Tell us about your book ‘Yoga for Cancer’
Yoga for Cancer goes through the A-Z of side effects and how yoga can help ease those side effects.
I started writing a book on yoga for cancer years ago but it was really through lockdown that I appreciated how students came to class looking for support for their side effects – especially as during lockdown they weren’t able to see physios or clinical nurse specialists. On Zoom my students were able to give frank and honest feedback about what worked and didn’t work, often to provide some support to another student.
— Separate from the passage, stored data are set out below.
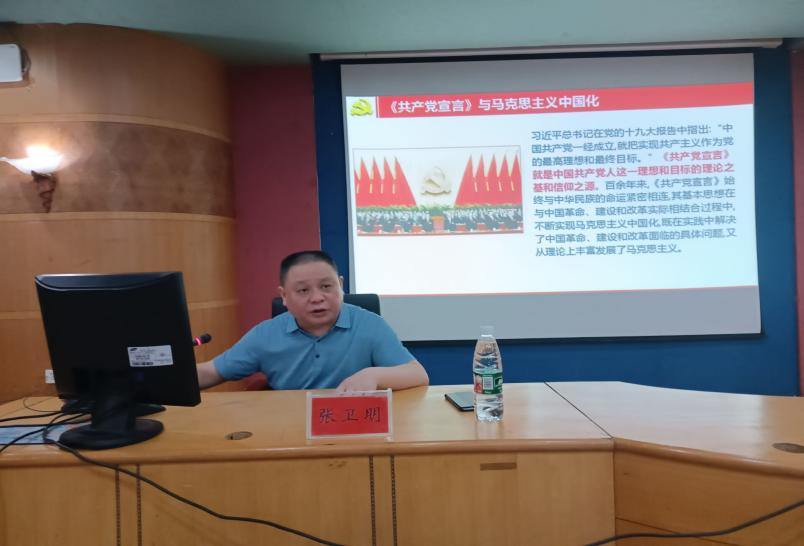 张卫明教授围绕《共产党宣言》与马克思主义中国化、从“五个始终如一”领悟《共产党宣言》以及《共产党宣言》的革命精神永不过时三个方面展开阐述,他用一个个红色经典故事将抽象的哲学思想具体化,帮助学员们多方面、深层次的理解《共产党宣言》蕴含的真理。他指出,《共产党宣言》是马克思主义经典著作中最具里程碑意义的代表作,是全世界无产阶级最富战斗力的革命宣言,是革命导师贡献给人类社会最伟大的思想遗产。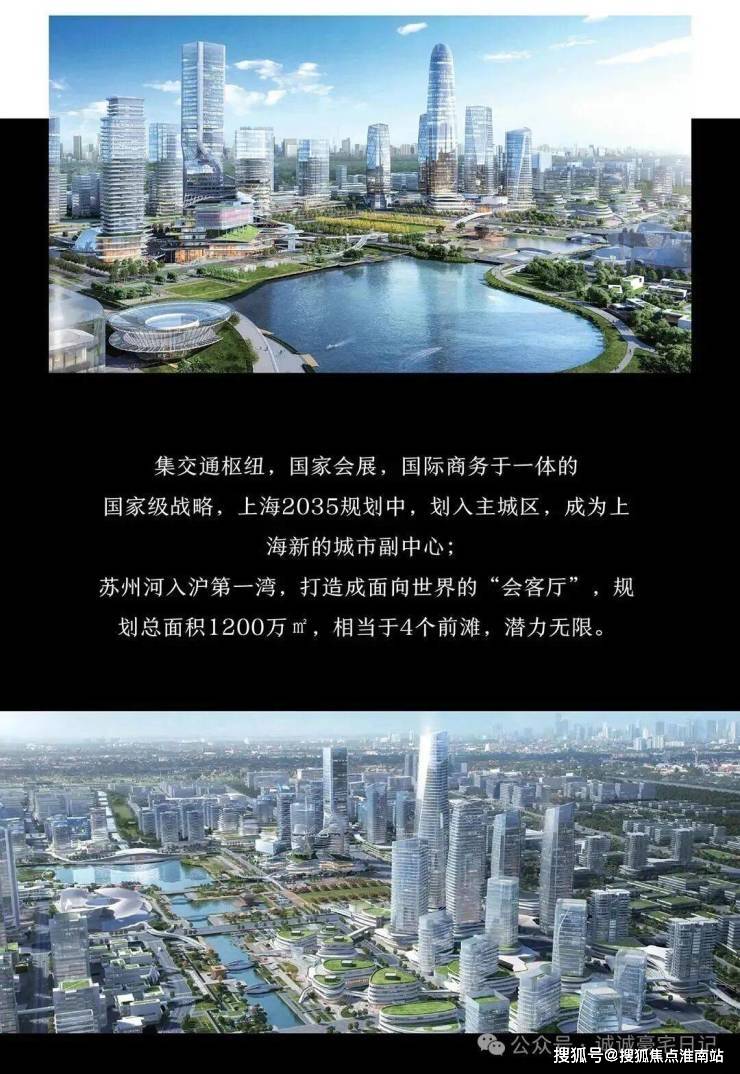 OCR:IMG:集交通枢纽,国家会展,国际商务于一体的 国家级战略,上海2035规划中,划入主城区,成为上 海新的城市副中心; 苏州河入沪第一湾,打造成面向世界的“会客厅”,规 划总面积1200万㎡,相当于4个前滩,潜力无限。 公众量 搜狐号@搜狐焦点淮南站 诚诚豪宝月记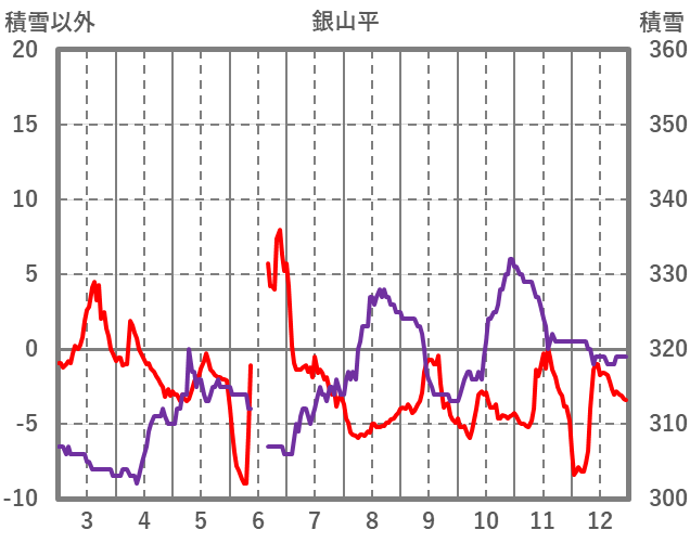 | 日 | 時 | 気温 | 降水 | 風向/風速 | 日照 | 積雪 | 降雪 |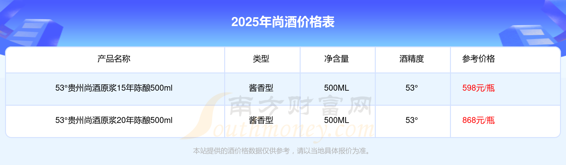 2025年,尚酒价格最高的是53°贵州尚酒原浆20年陈酿500ml,参考价868元,最低的是53°贵州尚酒原浆15年陈酿500ml,参考价598元,价格高低差为270元。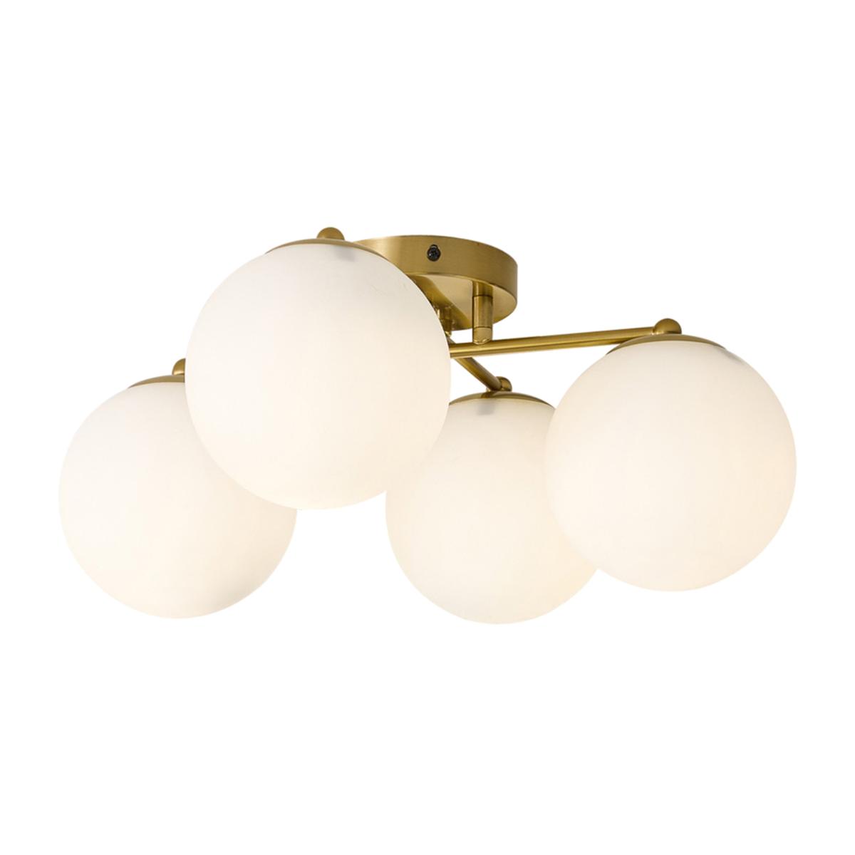 Brighten your home with this stylish ceiling light, where classic charm meets versatile appeal. Its round glass lampshade and elegant gold fixture blend seamlessly with any decor, while the gold-and-white combination strikes a balance between modernity and vintage warmth, adding a cozy, sophisticated touch to your space. Four evenly placed lights deliver all-around illumination, banishing shadows to brighten rooms thoroughly. Crafted with a high-quality glass lampshade (boasting excellent light transmission and heat resistance) and a durable, corrosion-resistant metal fixture, it offers strong support for long-term use. CE certification ensures compliance with European safety standards, and installation is secure and stable, keeping it firmly in place. With a standard E27 socket, bulb replacement is effortless-perfect for bedrooms, living rooms, dining areas, or studies, it is an ideal lighting choice for any room.

In this way my students were my best teachers and I couldn’t have written this book without them, so for that I am truly grateful.
One comment I regularly hear is that people don’t have enough time to practice yoga daily so I have just finished a second book which looks at how yoga can help the body to repair in just 5 minutes a day and this comes out in April.
How have you witnessed yoga benefit those suffering with cancer?
I hear from my students all the time how yoga has helped them. Some tell me of the physical benefits such as releasing scar tissue, reducing the effect of lymphoedema or peripheral neuropathy and some report feeling much better than they did when they arrived at class. For others it is learning some acceptance of their diagnosis so that they aren’t using up valuable energy wishing things were different.
What do you think are the most important aspects of a yoga practice that support women’s health?
Women are always going through changes. Each month there are changes which can be physical or mental and as we age women have changes going through menopause, which could last months or years.
I went into early menopause at 45 and found some of the side effects really challenging. I wasn’t sleeping well, I felt incredibly low and was waking up feeling very anxious. Throughout this I found yoga very empowering as it gave me tools to help take back a sense of control over these symptoms that felt very out of my control.
My go-to tools include breathing practices to help calm and cool my body when I feel heated or anxious, practices that can build bone strength (this is well documented) and just the knowledge that no matter how I am feeling in the moment, I will feel better after my yoga practice. I feel calmer and more able to cope with what life throws at me because of my practice of yoga.
I think it is also key to be able to tune it to what you need on a given day. Sometimes I get onto my mat and begin my practice only to realise how exhausted I am and I then change my practice to be more mindful, meditative and slow.Other days I feel the need to move and strengthen my body and that feels great.
How does yoga help you to connect to a greater sense of well-being as a woman?
Yoga has taught me that although I may not be in control of what happens in my life I am in control of my response.
I am definitely less reactive as a person since I started practicing yoga daily. This doesn’t mean that things don’t make me stressed or angry but I am better at creating some space between what I feel and how I respond, and generally that space means my response is more positive than my original reaction. I feel more complete and more able to cope with life through my practice of yoga.
Who are some women that inspire you that you will be celebrating on International Women’s Day?
Every single woman that shows up in my yoga for cancer classes and puts their trust in me and all the women that share their vulnerability and their cancer story so that others can learn or feel supported by them. There are too many to mention.
What is your life motto or favourite quote?
People will forget what you said, people will forget what you did, but people will never forget how you made them feel. Maya Angelou.